**Directions:** With the pictures left aside, write out the entries that follow exactly.

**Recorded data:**
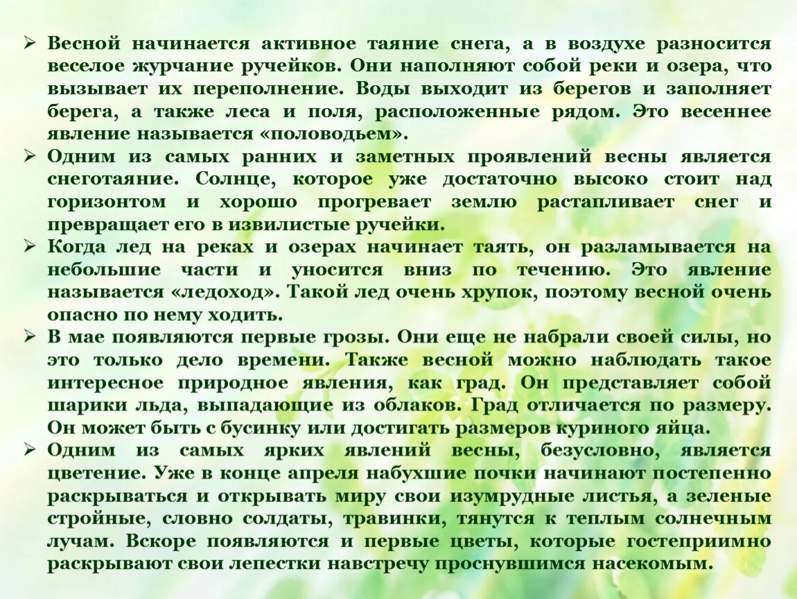 Весной начинается активное таяние снега, а в воздухе разносится веселое журчание ручейков. Они наполняют собой реки и озера, что вызывает их переполнение. Воды выходит из берегов и заполняет берега, а также леса и поля, расположенные рядом. Это весеннее явление называется «половодьем».
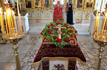 По уставу этого праздника, после Великого славословия во время пения Трисвятого, Крест был торжествено вынесен на середину храма. Затем, был совершен «чин Воздвижения Креста». Предстоятельствовавший осенил молившихся Крестом на все стороны, при провозглашении особых прошений диаконом. Хор отвечал на каждое прошение пением молитвы «Господи помилуй» стократно. В то время, когда предстоятель медленно в поклоне опускает крест «долу», духовенство поливает Крест водой. Стекающая по Кресту вода, благоговейно собирается сестрами на приготовленный поднос с разложенными на нем ветвями базилика и цветов. Освященные таким образом, ветви затем раздавали сестрам в благословение после поклонения Кресту. Чин совершается в воспоминание обретения Животворящего Древа Креста Господня царицей Еленой и воздвижение его патриархом Иерусалимским Макарием, при котором народ восклицал «Господи помилуй!»
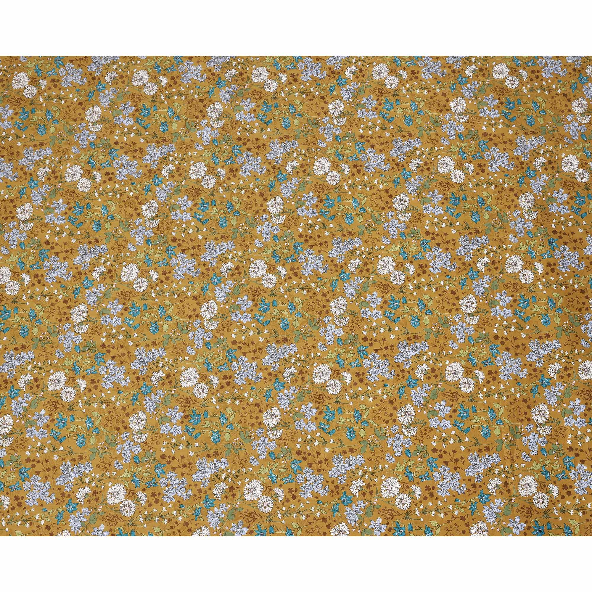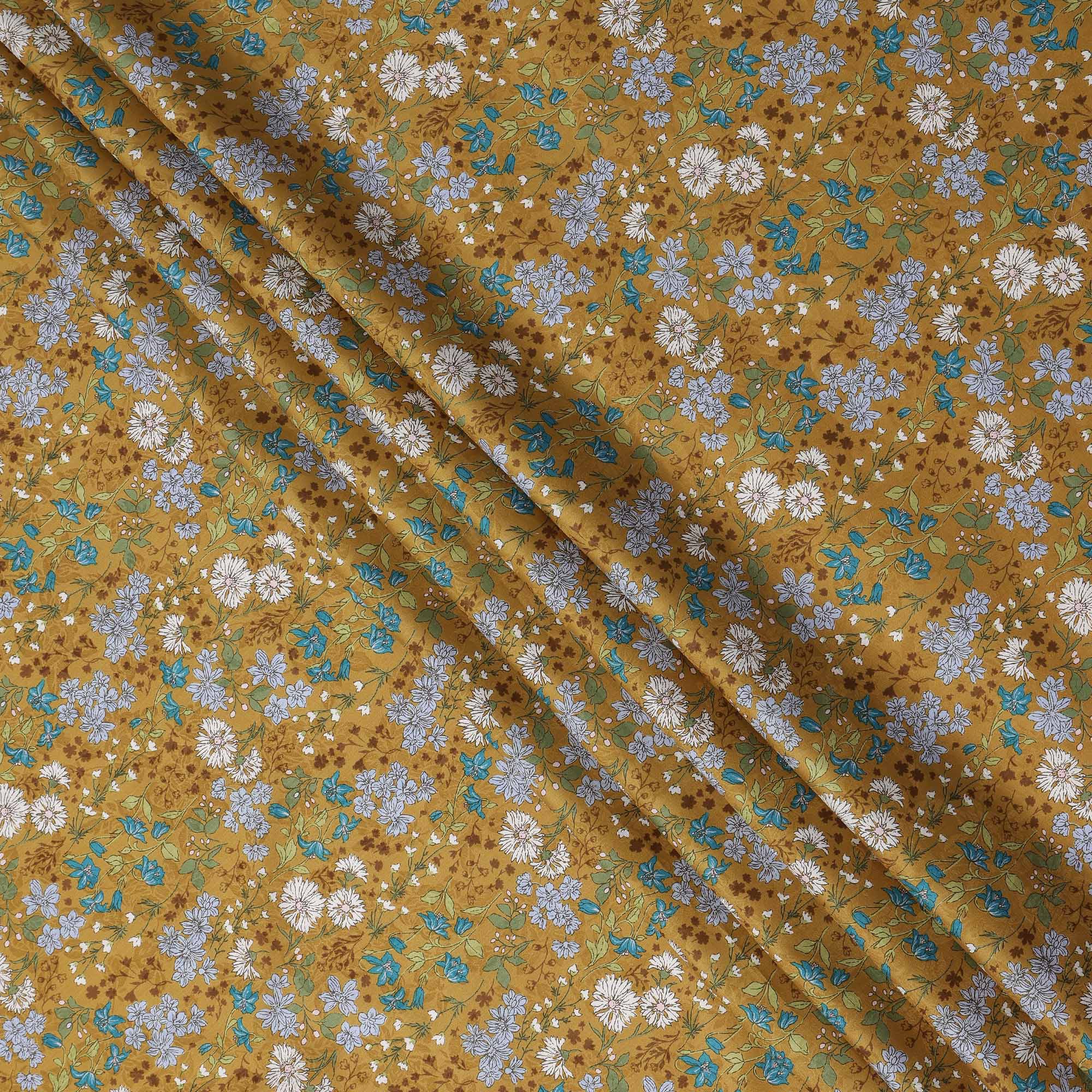 Mustard yellow cotton lawn printed Fabric with teal, white and sage botanical floral, 110 Cms Width, India-D25285
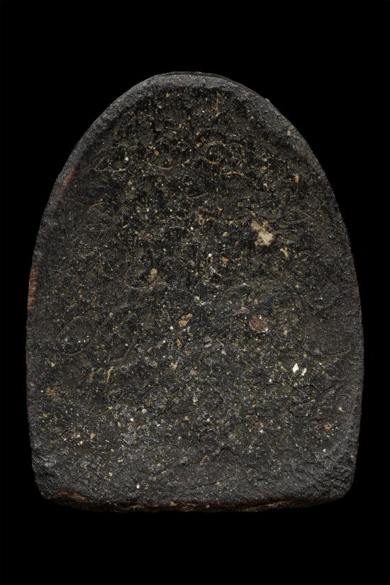 พระยาเขาคำกะลาแกะ ด้านหลังมีรอยจารอักขระ ไม่ทราบที่ครับ |
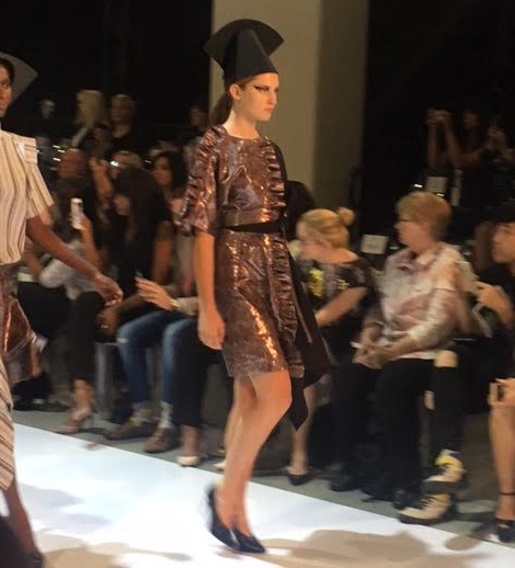 While Zoran Dobric may be based in Toronto, the rising designer has trained at the London College of Fashion and Milan’s Instituto Marangoni. These international influences were evident in Dobric’s latest collection, which was titled United Nations. Dobric sent models down the catwalk wearing architectural, pointed black hats as a statement accessory look. Meanwhile, structured power shoulders and knotted belts brought visual interest to striped and ruched dresses. Shades of brown and ivory were key colours, with metallic surfaces adding a party-ready feel to otherwise conservative frocks.
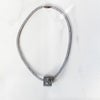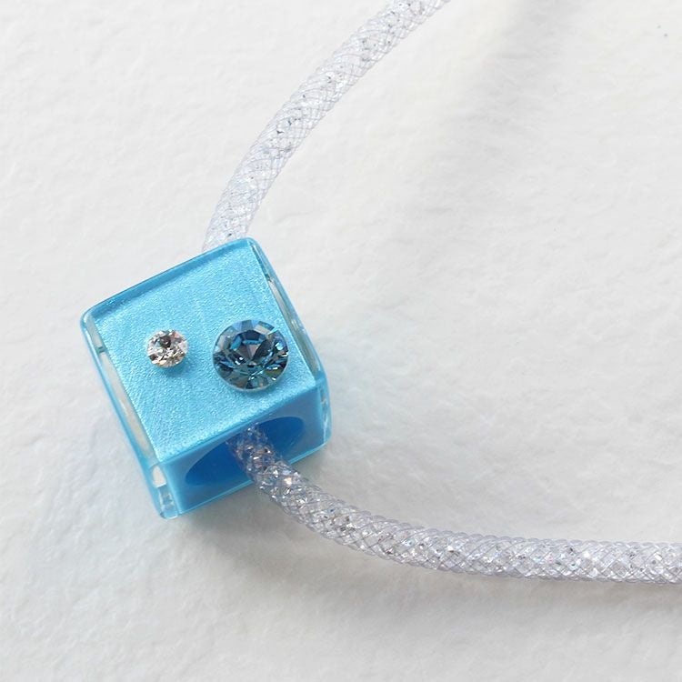 陰影のある印象的なカラーを艶やかなクリアレジンで包み込み、カラーの異なる大粒のクリスタルガラスを両面に配したトップパーツのネックレス。
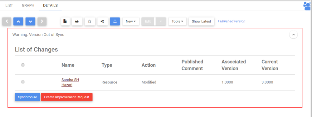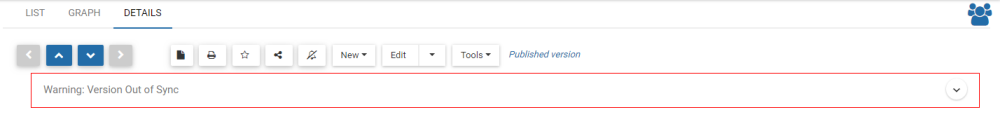 The box contains actions that can be done on the Out of Sync version. It will be removed from the details page after a new Draft version is included.

**Task result:**
 Весной начинается активное таяние снега, а в воздухе разносится веселое журчание ручейков. Они наполняют собой реки и озера, что вызывает их переполнение. Воды выходит из берегов и заполняет берега, а также леса и поля, расположенные рядом. Это весеннее явление называется «половодьем».
 По уставу этого праздника, после Великого славословия во время пения Трисвятого, Крест был торжествено вынесен на середину храма. Затем, был совершен «чин Воздвижения Креста». Предстоятельствовавший осенил молившихся Крестом на все стороны, при провозглашении особых прошений диаконом. Хор отвечал на каждое прошение пением молитвы «Господи помилуй» стократно. В то время, когда предстоятель медленно в поклоне опускает крест «долу», духовенство поливает Крест водой. Стекающая по Кресту вода, благоговейно собирается сестрами на приготовленный поднос с разложенными на нем ветвями базилика и цветов. Освященные таким образом, ветви затем раздавали сестрам в благословение после поклонения Кресту. Чин совершается в воспоминание обретения Животворящего Древа Креста Господня царицей Еленой и воздвижение его патриархом Иерусалимским Макарием, при котором народ восклицал «Господи помилуй!»
 Mustard yellow cotton lawn printed Fabric with teal, white and sage botanical floral, 110 Cms Width, India-D25285
 พระยาเขาคำกะลาแกะ ด้านหลังมีรอยจารอักขระ ไม่ทราบที่ครับ |
 While Zoran Dobric may be based in Toronto, the rising designer has trained at the London College of Fashion and Milan’s Instituto Marangoni. These international influences were evident in Dobric’s latest collection, which was titled United Nations. Dobric sent models down the catwalk wearing architectural, pointed black hats as a statement accessory look. Meanwhile, structured power shoulders and knotted belts brought visual interest to striped and ruched dresses. Shades of brown and ivory were key colours, with metallic surfaces adding a party-ready feel to otherwise conservative frocks.
 陰影のある印象的なカラーを艶やかなクリアレジンで包み込み、カラーの異なる大粒のクリスタルガラスを両面に配したトップパーツのネックレス。
 The box contains actions that can be done on the Out of Sync version. It will be removed from the details page after a new Draft version is included.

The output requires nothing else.